Easy Mangalore Fish Curry With Coconut Milk

This easy Mangalore fish curry can be made with any fish of your choice, delicious fish masala and coconut milk. Learn the secrets to making the best fish Masala curry without spending much time and effort in the kitchen!

Mangalorean fish curry in a white bowl and a bowl of rice next to it.

Why You’ll Love This Fish Curry Recipe

This Mangalorean fish curry is different from Kerala fish curry in which you blend spices and tamarind with grated coconut for the masala.

Here we use a unique fish masala with tomatoes, tamarind extract and coconut milk to add a new depth of flavor to this mackerel fish curry. (Fish masala is a homemade blend of simple spices, onion, ginger and garlic.)

Like simple fish cakes, this recipe is also quite versatile. You can make the curry with ANY FISH you have and it would taste equally amazing!

I’ve simplified the recipe for fish masala, without compromising on the taste. This way you get to enjoy a great Mangalore-style fish curry, but not get overwhelmed by the steps to make it.

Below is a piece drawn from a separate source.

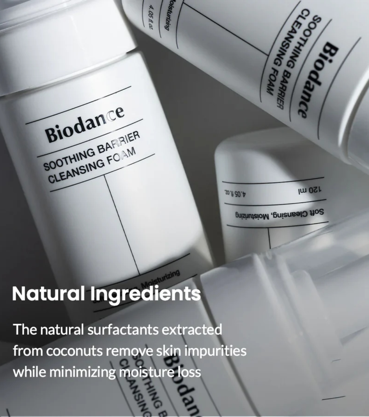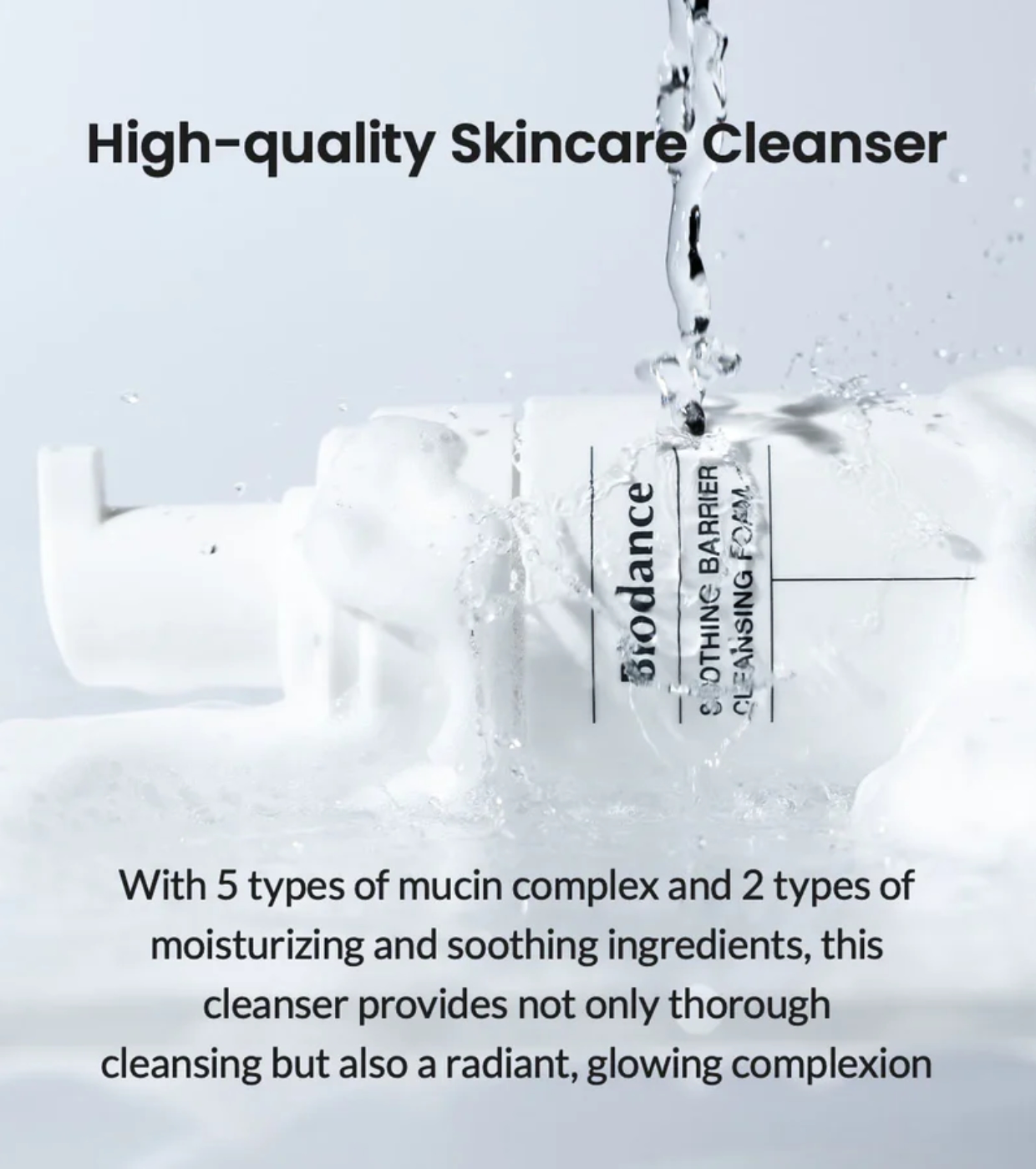 Deeply cleanse your skin without compromising its natural balance with Soothing Barrier Cleansing Foam's Biodance , a gentle yet highly effective foam that combines natural ingredients with advanced dermatological technology to deliver a soothing, hydrating and protective cleanse.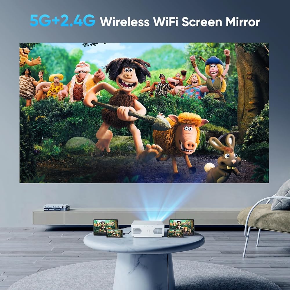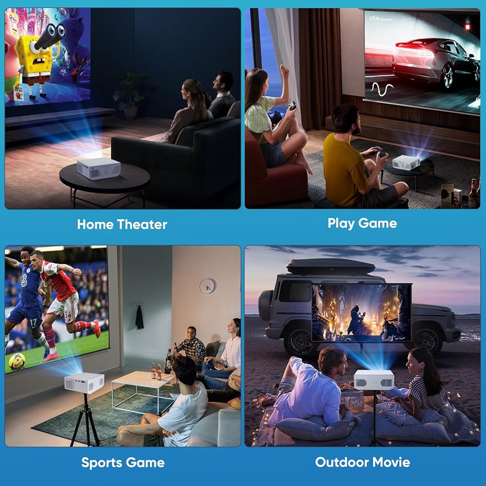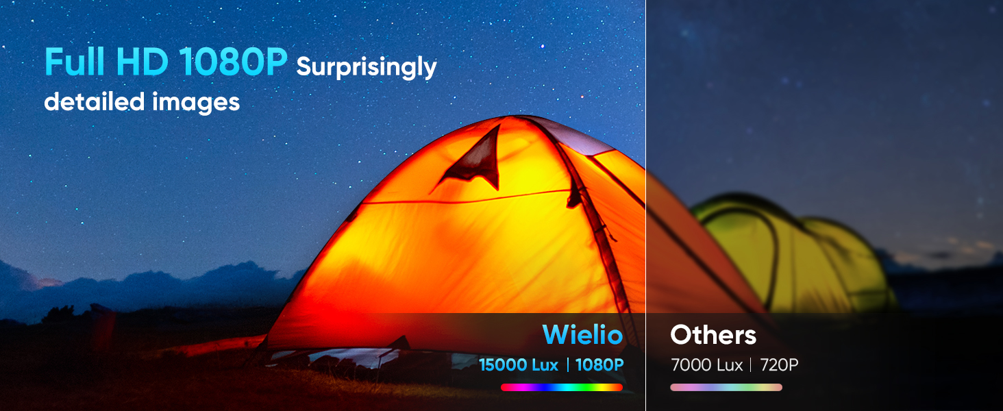 جهاز عرض مع واي فاي وبلوتوث، جهاز عرض Wielio 500 ANSI Native 1080P 15000 Lumen 4K جهاز عرض فيديو محمول للمنزل في الهواء الطلق متوافق مع هاتف Iphone Android/TV Stick/PS5/PC/Laptop

We use a couple of shortcuts here:

  1. Making tomato paste in the microwave saves time and effort. (You don’t have to saute tomatoes until they get cooked and the oil separates. This could take anywhere between 10 to 20 minutes.)
  2. Instead of roasting and grinding the whole spices separately, we blend them along with the other ingredients for the masala. (The same trick I used for the authentic chana masala recipe.) This saves time and effort without skimping on taste.

The step-by-step instructions will help you make this fish masala curry perfectly the first time and every single time.

Close-up view of tomato fish curry, Mangalore style.

Video

What You’ll Need For Mangalorean Fish Curry

(You can find the exact measurements and instructions in the printable recipe card at the end of this page.)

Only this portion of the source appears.